Uchumi Supermarkets CEO Julius Kipng'etich resigned effective November 30, 2017. FILE PHOTO | NMG

What you need to know:

  • The struggling retailer said in a statement posted on its Twitter page that it had reluctantly accepted a resignation letter from Kipng’etich “to pursue personal interest”.
  • Uchumi has posted a series of losses in the last three years as it struggled to turn around after it fell into receivership in mid-2006 following a botched expansion plan.

Listed retailer Uchumi Supermarkets #ticker:UCHM has announced the resignation of its chief executive officer, Dr Julius Kipng’etich, from the company effective end of November.

The struggling retailer said in a statement posted on its Twitter page that it had reluctantly accepted a resignation letter from Kipng’etich “to pursue personal interests”.

It said the chief financial officer, Mr Mohamed Ahmed Mohamed, will act at the CEO as the company searches for a successor.
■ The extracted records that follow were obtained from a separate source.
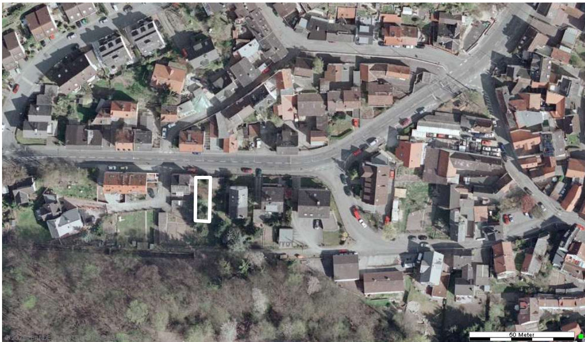
Luftbild (April 2003)

Erstellt: Stadtplanungsamt Gustav-Stresemann-Ring 15 65189 Wiesbaden stadtplanung@wiesbaden.de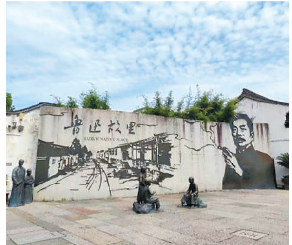
浙江绍兴鲁迅故里。

充满鲁迅童年回忆的《从百草园到三味书屋》是我印象最深的文章，因为文中这段对百草园的描写使我一直以来对他笔下这个儿时的美好“乐园”十分向往。亲眼所见，心情十分激动。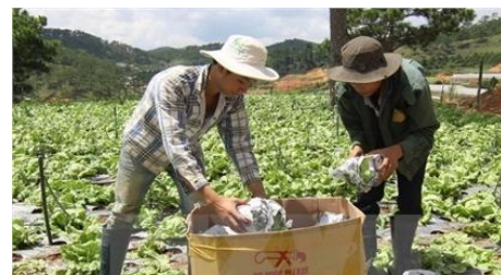
Thu hoạch rau an toàn ở Đà Lạt

Mô hình sản xuất nông nghiệp công nghệ cao, dây chuyền công nghệ tiên tiến trong chế biến sản phẩm nông nghiệp, đặc biệt là chế biến trà Olong, nuôi cá nước lạnh như áp dụng các mô hình nhà kính, nhà lưới, hệ thống tưới tự động, nhỏ giọt, công nghệ quản lý đang được nhiều doanh nghiệp, hộ nông dân áp dụng và nhân rộng, góp phần tăng giá trị hàng hóa của các sản phẩm nông nghiệp và công nghiệp chế biến nông sản, tăng giá trị sử dụng đất, góp phần tích cực trong việc phát triển kinh tế xã hội của tỉnh.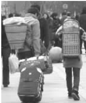
有人伴你分担重负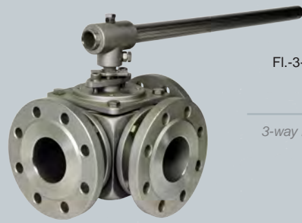
Fl.-3-Wege-Kugelhahn mit T-Küken Edelstahl

Our ball valves are suitable for example for cold and hot drinking-, cooling-, bilgewater, seawater, oil, fuel, steam, saturated steam and air. Also for depleted acids and bases in chemical and petrochemical industries, power plants and shipbuilding.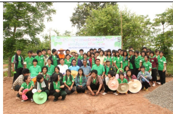
ร่วมถ่ายภาพหมู่เป็นที่ระลึก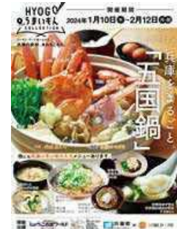
外食チェーン店における 県産食材を活用したフェア

海外における日本食人気の広がり等を好機と捉え、県産農林水産物の輸出拡大が期待される国でのプロモーションの実施、EU（フランス）での食品展示会への出展など販路拡大を推進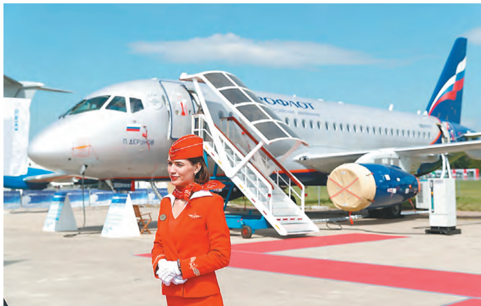
«Пермские моторы» обеспечены заказами на поставку двигателей для отечественной авиации

Добавим, что в Прикамье новые инвестпроекты реализуются не только в сфере ОПК, но и во всех ведущих отраслях промышленности. Общий объём инвестиций составляет порядка 500 млрд руб. Сегодня Пермский край всё чаще звучит в повестке федеральных СМИ, интерес к региону неуклонно растёт, причём в самых разных аспектах.

“The Board of Directors has commenced the process of identifying a suitably qualified successor to the Chief Executive Officer and will, in due course, unveil the identified successor,” Uchumi said in the statement.

Two-year contract

Kipng’etich, whose two-year contract expired in October, joined the State-owned retailer from Equity Group #ticker:EQTY in August 2015 after its former chief executive, Jonathan Ciano, was fired along with three other managers for mismanagement.

He served as the chief executive officer of Kenya Wildlife Service before joining Equity Group.

Uchumi has posted a series of losses in the last three years as it struggled to turn around after it fell into receivership in mid-2006 following a botched expansion plan.

It was lifted from receivership in January 2008 after it received a bailout loan worth Sh675 million from its main shareholder the government.

Cut losses

The retailer recorded a reduction on loss after tax of Sh1.7 billion tax in the last financial year ended June, compared to a Sh2.8 billion loss in the previous year, after it slashed its branch network regionally and in Kenya to just 20 outlets.

The struggling listed retailer is expecting Sh700 million from the government to be released soon to shore up its operating capital.

The loan is the second tranche in a Sh1.8 billion bailout facility from the state, of which Sh500 million was drawn in January this year.